URL: https://cgit.FreeBSD.org/src/commit/?id=5e6e4f752833acc96f1efc893318d3f6b74b9689

commit 5e6e4f752833acc96f1efc893318d3f6b74b9689
Author:     Kevin Bowling <kbowling@FreeBSD.org>
AuthorDate: 2025-06-14 23:46:05 +0000
Commit:     Kevin Bowling <kbowling@FreeBSD.org>
CommitDate: 2025-06-14 23:54:22 +0000

    bnxt: Fix BASE-T, 40G AOC, 1G-CX, autoneg and unknown media lists

    This was broken in c63d67e137f3, the early returns prevent building the
    media lists as expected.

    The BASE-T parts of the patch were suggested by "cyric@mm.st", while I
    am adding the additional 40G AOC, 1CX, autoneg and unknown PHY fixes
    based on code inspection.  There may be additional work left here for
    Broadcom but this is certainly better than the returns.

    PR:             287395

    Reported by:    mickael.maillot@gmail.com, cyric@mm.st
    Tested by:      Einar Bjarni Halldórsson <einar@isnic.is>
    MFC after:      1 week

 sys/dev/bnxt/bnxt_en/if_bnxt.c | 14 +++++++-------
 1 file changed, 7 insertions(+), 7 deletions(-)
Comment 5 Kevin Bowling freebsd_committer freebsd_triage 2025-06-15 08:52:10 UTC
(In reply to cyric@mm.st from comment #2)
Thanks, this indeed looks right - the ambiguity in the commit message is that I am not sure if something else was intended for PAM4.. but there shouldn't be much overlap between the media types in question and situations where newer encoding is in use.
Comment 6 Einar Bjarni Halldórsson 2025-06-15 23:31:06 UTC
(In reply to commit-hook from comment #4)

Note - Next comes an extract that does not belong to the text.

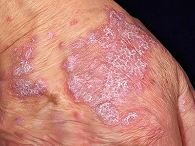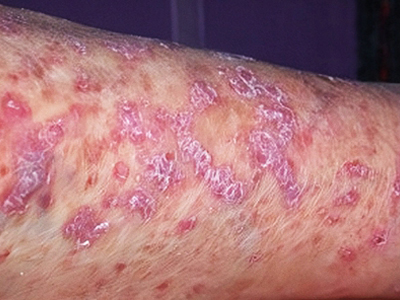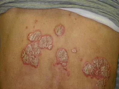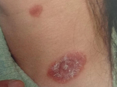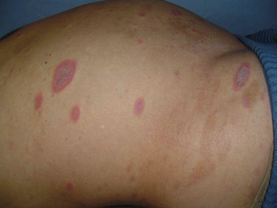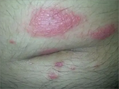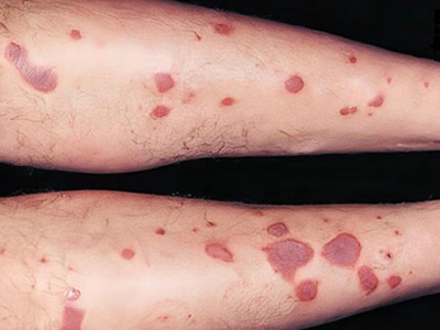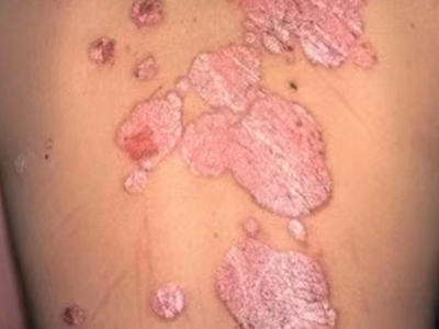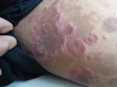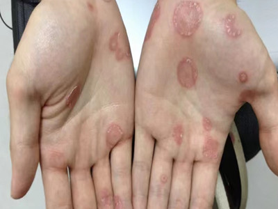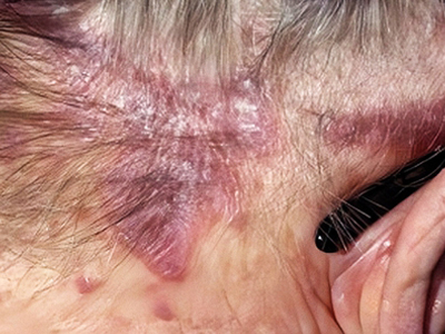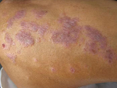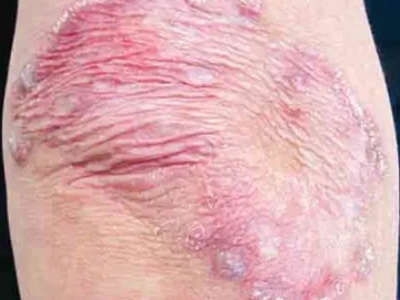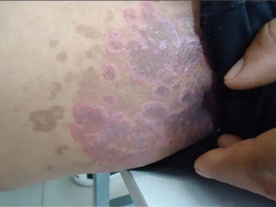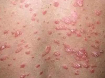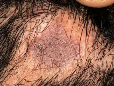 环状扁平苔藓发生在头皮部位,表现为患者后脑头皮处出现几块红斑,形状不规则,大小、形态也不一样,中间有毛发穿过,周围皮肤附有厚厚的鳞屑,其颜色发白。
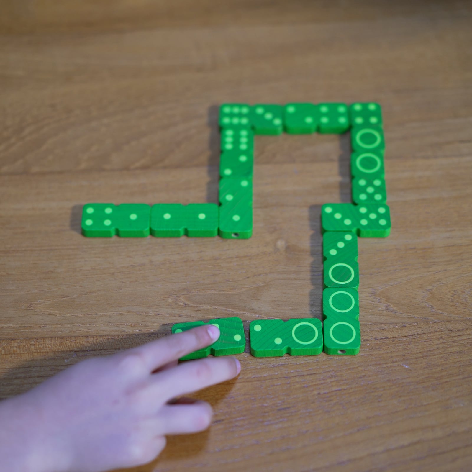 ANLEITUNG: Legt die Plättchen verdeckt aus. Jeder Spieler nimmt sich 7. Bei 2 Spielern bleiben die anderen 14 Plättchen auf dem Tisch liegen. Der:die Spieler:in mit der doppelten 6 oder dem Plättchen mit der höchsten Zahl ist zuerst dran. Der:die erste Spieler:in spielt ein Plättchen und dann ist der:die nächste Spieler:in links dran. Wenn diese:r Spieler:in ein Plättchen hat, das auf einer Seite die gleiche Punktzahl hat wie das soeben gespielte, legt er:sie es senkrecht oder waagerecht an dieses Plättchen an. Wenn nicht, ist der:die nächste Spieler:in an der Reihe (in der 4-Spielende-Version) oder er:sie zieht ein anderes Plättchen vom Tisch (in der 2-Spielende Version). Es gewinnt, wer zuerst keine Plättchen mehr hat.

That's great, but it will have to be merged into releng/14.3 branch as well (no idea about 13.4 or 13.5).
Comment 7 commit-hook freebsd_committer freebsd_triage 2025-06-22 07:19:41 UTC
A commit in branch stable/14 references this bug:

URL: https://cgit.FreeBSD.org/src/commit/?id=33f65f12eba10588827a13d232337616f6f4facf

commit 33f65f12eba10588827a13d232337616f6f4facf
Author:     Kevin Bowling <kbowling@FreeBSD.org>
AuthorDate: 2025-06-14 23:46:05 +0000
Commit:     Kevin Bowling <kbowling@FreeBSD.org>
CommitDate: 2025-06-22 07:18:41 +0000

    bnxt: Fix BASE-T, 40G AOC, 1G-CX, autoneg and unknown media lists

    This was broken in c63d67e137f3, the early returns prevent building the
    media lists as expected.

    The BASE-T parts of the patch were suggested by "cyric@mm.st", while I
    am adding the additional 40G AOC, 1CX, autoneg and unknown PHY fixes
    based on code inspection.  There may be additional work left here for
    Broadcom but this is certainly better than the returns.

    PR:             287395

    Reported by:    mickael.maillot@gmail.com, cyric@mm.st
    Tested by:      Einar Bjarni Halldórsson <einar@isnic.is>

    (cherry picked from commit 5e6e4f752833acc96f1efc893318d3f6b74b9689)

 sys/dev/bnxt/bnxt_en/if_bnxt.c | 14 +++++++-------
 1 file changed, 7 insertions(+), 7 deletions(-)
Comment 8 Kevin Bowling freebsd_committer freebsd_triage 2025-06-22 07:22:15 UTC
Thank you for the patch and testing.  stable/13 is no affected.
Comment 9 Kevin Bowling freebsd_committer freebsd_triage 2025-06-23 00:17:41 UTC
(In reply to Einar Bjarni Halldórsson from comment #6)
We'd need additional feedback from at least the patch submitter to confirm my changes still work to consider an -EN.
Comment 10 mickael.maillot 2025-06-24 12:06:32 UTC
Switched to 14-STABLE today and everything works now.
Comment 11 crest 2025-07-13 15:42:53 UTC
This needs an errata because it fucking breaks all network connectivity for affected users.
Comment 12 geoffroy desvernay 2025-07-15 14:44:03 UTC
I tried this patch after same error (upgrade to FreeBSD-14.3: lagg0 missing connectivity, media unknown, each bnxt* working alone but not in lagg) and it fixed that for me.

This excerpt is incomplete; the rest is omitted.